Therefore, the centripetal force (F) can be calculated as follows:
F = QR . (2.m / (PR . SY / h)²)
= QR . (2.m / (PR² . SY² / h²))
= QR . (2.m.h² / (PR² . SY²))
= QR.2.m.h² / PR².SY²

Newton preferred the calculation in geometric form by setting 2.m.h² as a constant (k):
F = k.QR / (PR.SY)²

See Elliptical Curves for a simple method to determine the angle of a tangent (PY).

### Distance Between Bodies (R)

The separation (distance) between an orbiting body and its force centre, can be found by using general elliptical equation: R = a.(1-e²) / (1+e.Cos(θ))
where 'R' & 'θ' are as shown in (Fig 5) and 'e' is eccentricity

The force centre is not at the centre of an ellipse but at its focus (Fig 11; S)

### The Inverse Square Law

Proposition XI: “If a body revolves in an ellipse; it is required to find the law of the centripetal force tending to the focus of the ellipse

Using similar geometric arguments as above (Figs 7 to 11) Newton worked out that the force between an orbiting body and its force centre is proportional to the inverse of their separation (the distance between them): F ∝ 1/R²
i.e.

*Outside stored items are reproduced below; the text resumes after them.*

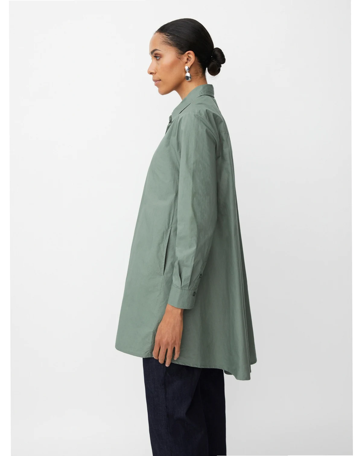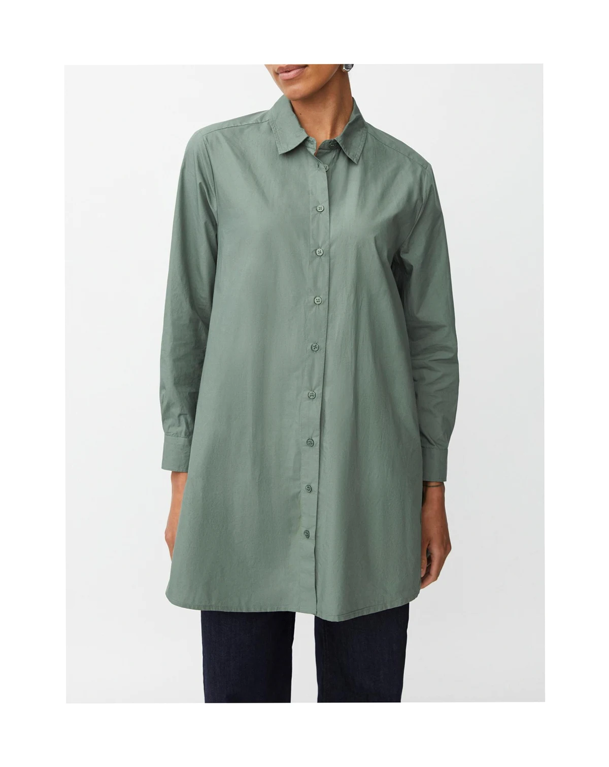 Masai's feminine take on the classic shirt fits perfectly, designed in an A-shape cut with crinkled cotton. The shirt also has long sleeves, a rounded hem, and is longer at the back.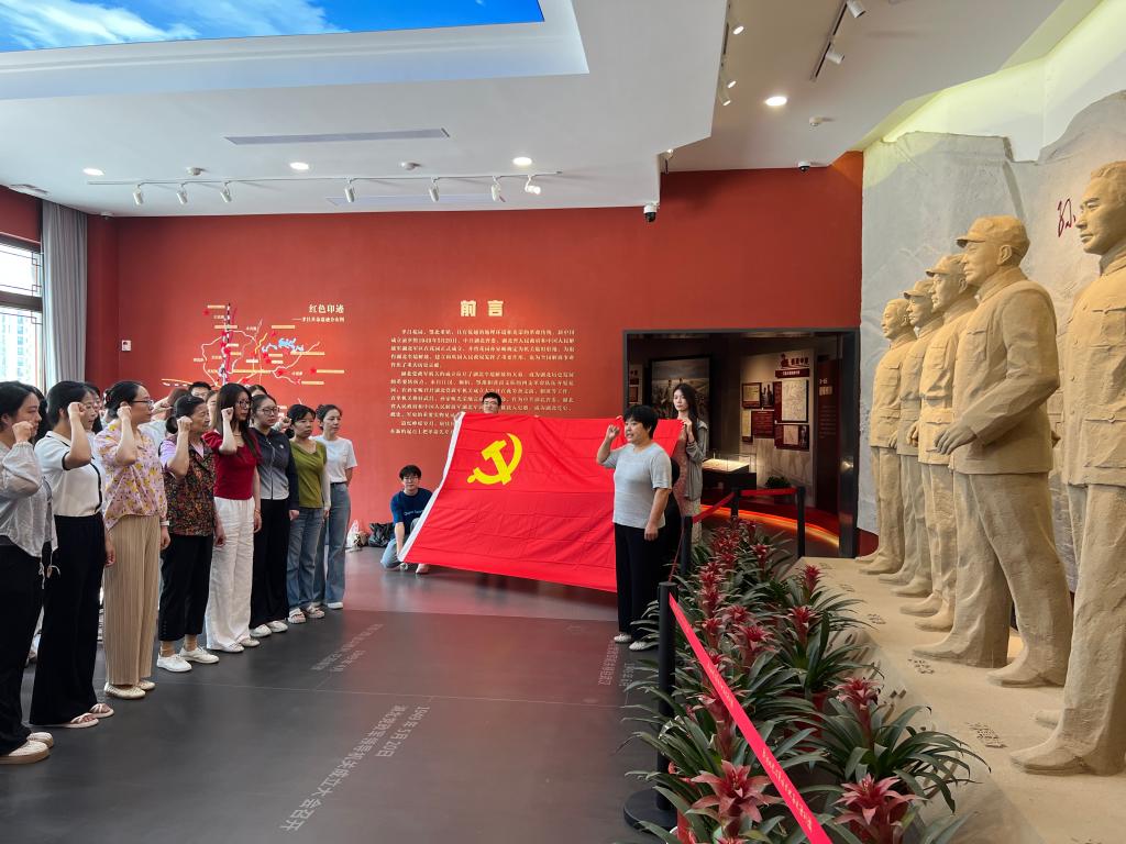 活动伊始,全体党员走进孙家畈革命旧址,参观孝昌革命史陈列馆,开展沉浸式党性教育。在讲解员的引导下,大家观看红色宣传片,参观历史实物,深入了解孝昌作为新湖北党政军诞生地的背景故事,追忆李先念、王任重、王宏坤等革命先烈的英雄事迹,感悟他们为国为民、无私奉献的崇高精神。在徐晖书记的带领下,全体党员面向党旗庄严宣誓,重温入党誓词,铿锵誓言展现出党员同志们昂扬向上的斗志和为共产主义事业奋斗终身的决心。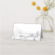Diese Platzkarte ist ideal für eine Hochzeit in Urlaubsort. Das Design besticht durch einen handbemalten Wald auf Hügeln und Bergen in einer idyllischen Winterlandschaft.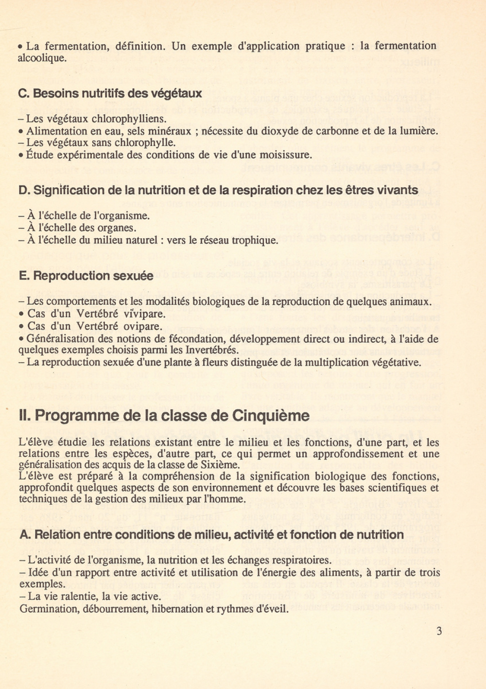 Notes : Présentation des programmes officiels de 6e et 5e (arrêté du 15 novembre 1985), un texte officiel sur les manuels scolaires et leur utilisation, quelques suggestions pédagogiques pour chacun des domaines du prog de 5e.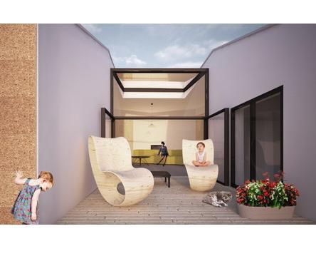 Poszukując wydajnego systemu okładzinowego, elewację pokryto panelami korkowymi. Świadome rozmieszczenie zieleni chroni przed zmianami czynników pogodowych, zarówno latem, jak i zimą. Rośliny iglaste, posadzone od strony północnej zatrzymują zimny wiatr, zaś drzewa liściaste rosnące na południe zapobiegają nadmiernemu nagrzewaniu domu. Istotnym rozwiązaniem pasywnym jest sposób przepływu powietrza. "Dzięki formie budynku bardzo skuteczna jest naturalna wentylacja. Natomiast z architektonicznego punktu widzenia najważniejszy jest prorodzinny charakter domu" - podsumowuje Krajewska.
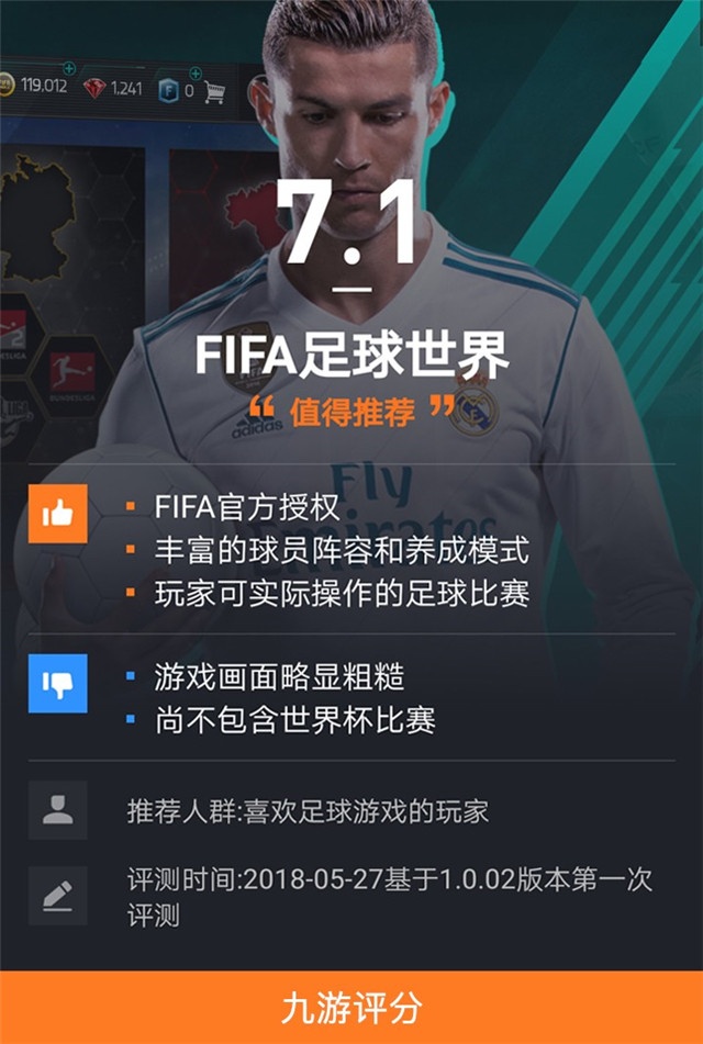 六月足球季,燃情一夏天。刚刚开启的世界杯大战可谓就是战火熊熊,首场东道主俄罗斯便斩下了5比0的惊人比分,随后的西葡大战中,C罗更是上演惊天神技,凭借帽子戏法逆转逼平西班牙。 而在虚拟足球世界,也是同样精彩,由FIFA正版授权的《FIFA足球世界》手游正式上线,借着世界杯的东风,九游评分给诸位足球迷带来第一手新鲜的游戏评测资讯。 这款游戏凭借创新玩法以及强竞技性,在九游专家评分中获得了7.1分,但游戏画质以及操控性成为其获取高分的障碍。 养成与竞技并举,打造实战联盟 九游测评认为丰富的球员阵容和养成模式是《FIFA足球世界》的一大亮点,此次推出的游戏,并没有选择走EA传统的模拟经营路线,而是为玩家提供了球员养成、在线竞技等一些更具实战意义的内容,从真实度上能够满足球迷玩家的需求。在《FIFA足球世界》中,玩家可以任意选择征战五大联赛,并选择从低级联赛到超级联赛的不同球队,解锁球队队员。 因为拥有FIFA官方授权,游戏内加入了不少真实存在的足球巨星,并且加入了养成模式。经九游测评,玩家可以操控俱乐部球星,通过训练和球员天赋选择等模式来进行深度养成并进一步提升实力。在球星的养成上,《FIFA足球世界》更多是以卡牌玩法进行展现,通过前期的培养,使得球员不断地提升品质与属性。 将自己喜欢的球员打造成首屈一指的世界级球星,这对于忠实足球粉丝来说,具有极大的吸引力。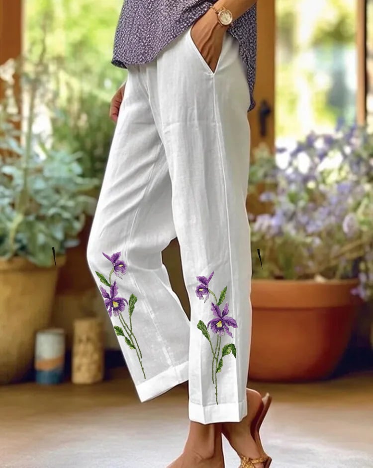 Women's Art Floral Loose Casual Pants (With Pockets)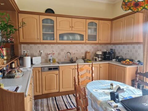 Detached house in Zakynthos with a total area of 240sqm, with a wonderful sea view, for sale. The first and second floors are a maisonette of 150sqm which includes a living room, kitchen and a bathroom on the 1st floor and on the 2nd floor 3 bedrooms and a bathroom as well as terraces with a sea view, while on the ground floor there is an unfinished warehouse of about 90sqm that can be configured in an apartment. The house has verandas around the perimeter with a sea view, independent heating and aluminum windows with screens. The plot is fenced, within a settlement with an area of 1,469sqm, fenced and full of olive trees and has a remaining construction area of 140 square meters. Inside there is a warehouse, barbecue and parking. Distances: 1,200m from the sea, 600m from shops and supermarkets, 8km from the city and 10km from the airport.
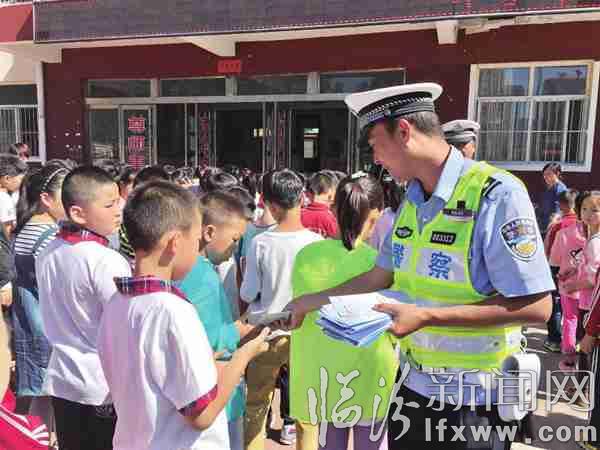 为丰富宣传内容,大队民警特意印制宣传彩页及给学生和学生家长的一封信,内容简单明了,通俗易懂,彩页插图生动形象,深受广大中小学生欢迎。图为民警深入县城关小学宣传交通安全知识。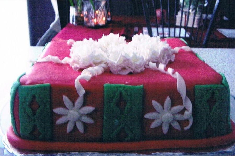Red, Green and White marshmellow fondant with strawberry filling.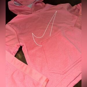 NIKE Therma Fleece Youth M Coral Orange Hoodie Sweatshirt Pockets Drawstring Hem. Like new condition. No stains and Great for Back to School. Smoke free home.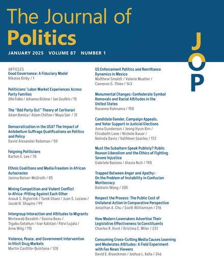 A matter of representation: Spatial voting and inconsistent policy preferencesLukas F StoetzerBritish Journal of Political Science 2019The application of spatial voting theories to popular elections presupposes an electorate that chooses political representatives on the basis of their well-structured policy preferences. Behavioral researchers have long contended that parts of the electorate instead hold unstructured and inconsistent policy beliefs. This article proposes an extension to spatial voting theories to analyze the effect of varying consistency in policy preferences on electoral behavior. The model results in the expectation that voters with less consistent policy preferences will put less weight on policy distance when learning about candidates who should represent their political positions. The study tests this expectation for the 2008 US presidential election, and finds that for respondents with less consistent self-placements on the liberal–conservative scale, policy distance less strongly affects their voting decision. The results have implications for the quality of political representation, as certain parts of the electorate are expected to be less closely represented.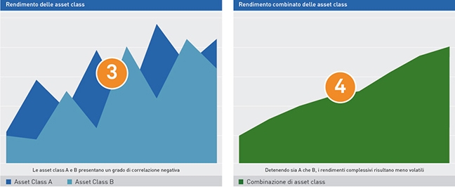 Questo grafico indica come un bassa correlazione tra due asset class può aiutare a ridurre sensibilmente il rischio di un portafoglio. Le asset class A e B presentano una correlazione negativa (A sale quando B scende e viceversa). Inoltre sia A che B, se prese singolarmente, sono altamente volatili.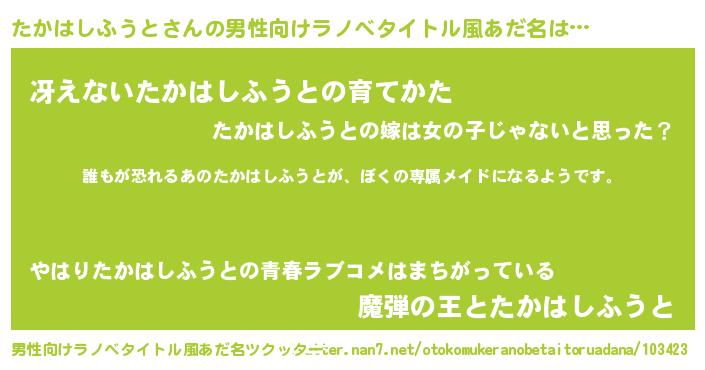 | 胡散臭い通販商品みたいなあだ名 | 『前代未聞の健康食品…その名も「たかはしふうと」』 |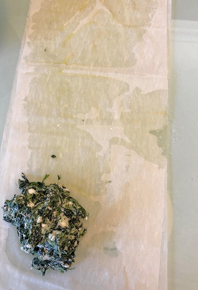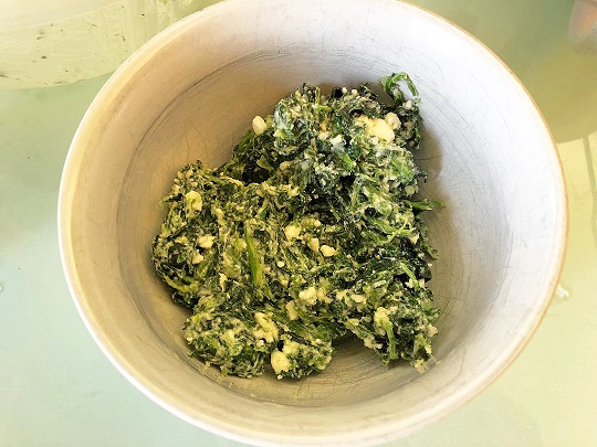 Laissez refroidir les épinards dans un saladier, ajoutez la feta émiettée et une pincée de poivre noir. Il ne devrait pas être nécessaire d’ajouter du sel car le fromage feta est déjà assez salé ; goûtez quand même pour vérifier. Mélangez bien pour que les ingrédients s’amalgament.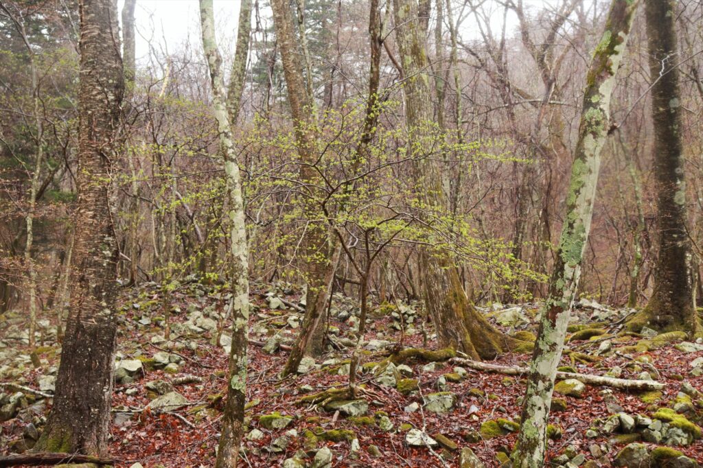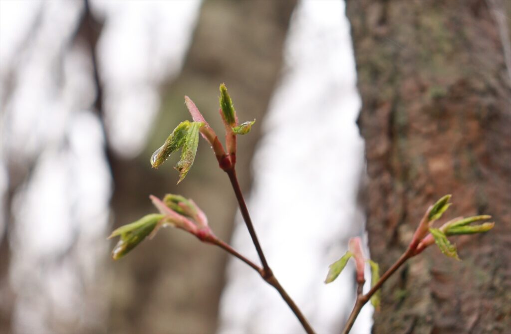 アカヤシオだけではなく、いろんな木々の冬芽がほころび始め、葉が芽生えてきています!南岸では他の木に比べカエデ類の葉の生長が早く、よく目立っていました。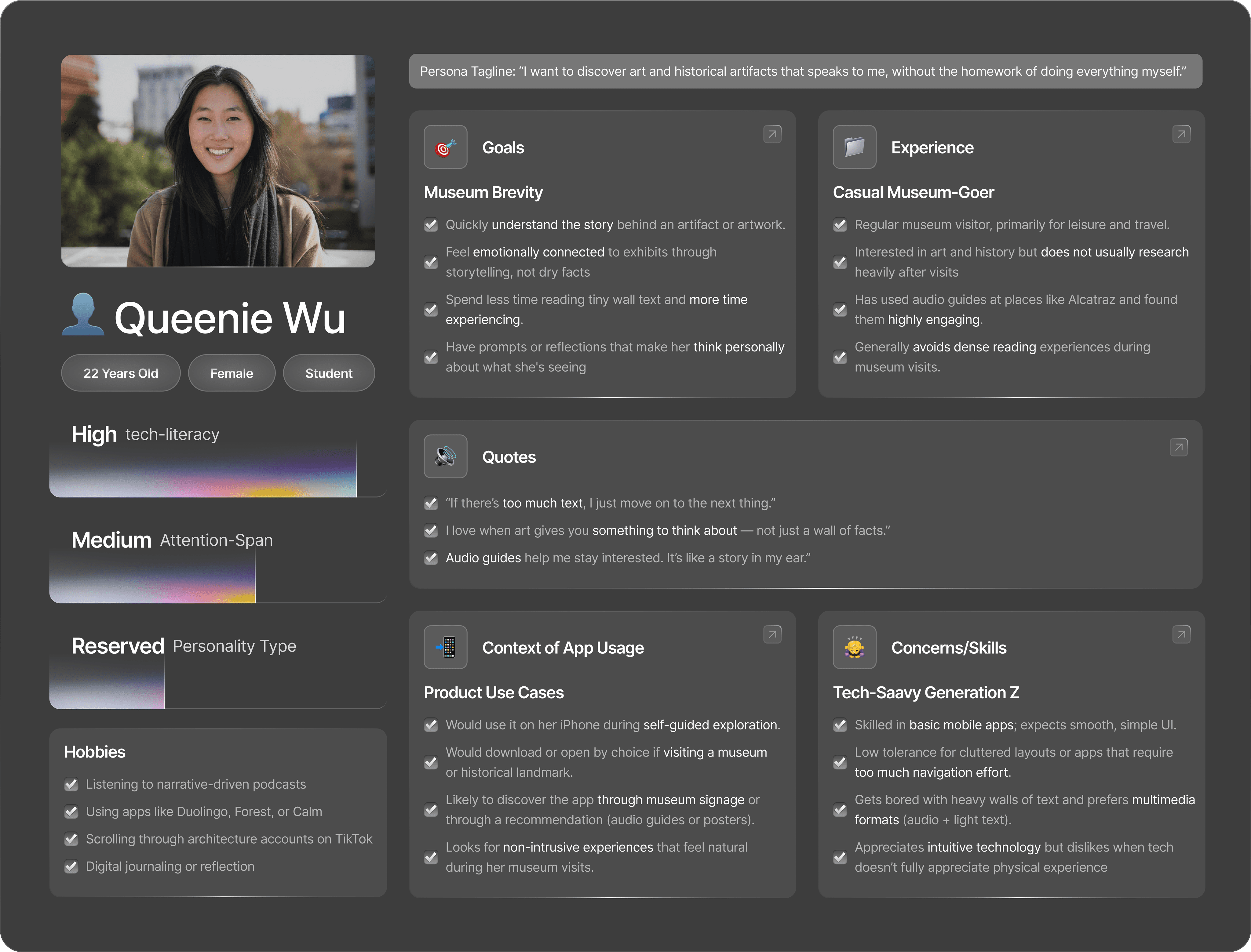 From my research, I developed a primary persona: Queenie Wu, a curious and design-conscious student who wants cultural experiences to feel both rich and accessible.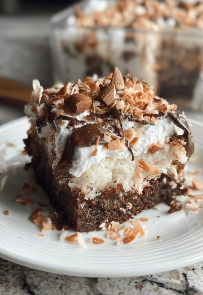 Here’s a rich, crowd-pleasing Almond Joy Poke Cake inspired by the classic flavors of the Almond Joy candy bar —

F = K / R²
where:
the constant of proportionality: K = G.m₁.m₂
i.e. F = G.m₁.m₂ / R²
where G is a constant and m₁ and m₂ are the masses of the force centre and the orbiting body

This same relationship (F ∝ 1/R²) also applies to parabolas and hyperbolas as well as the ellipse

The above constant of proportionality (K) can also been written as; K = m.h²/p
Where 'h' and 'p' are defined in Corollary 1 above and m is the mass of the orbiting body
i.e. F = (m.h²/p).(1/R²)
In the first formula, you can resolve the problem knowing the mass of the bodies
In the second formula, you can resolve it knowing the velocity and mass of the orbiting body and the parameter of its curve (p)

Both of the above F calculations produce the same result;
e.g. the following centripetal force occurs in the earth's orbit, 0.000175° from the major semi-axis:

G = 6.67359232004332E-11 (gravitational constant)
m₁ = 1.9885E+30 (sun mass)
m₂ = 5.964519768E+24 (earth mass)
R = 1.5209420E+11 (distance between mass centres)
F = G.m₁.m₂ / R² = 3.421649078E+22 (centripetal)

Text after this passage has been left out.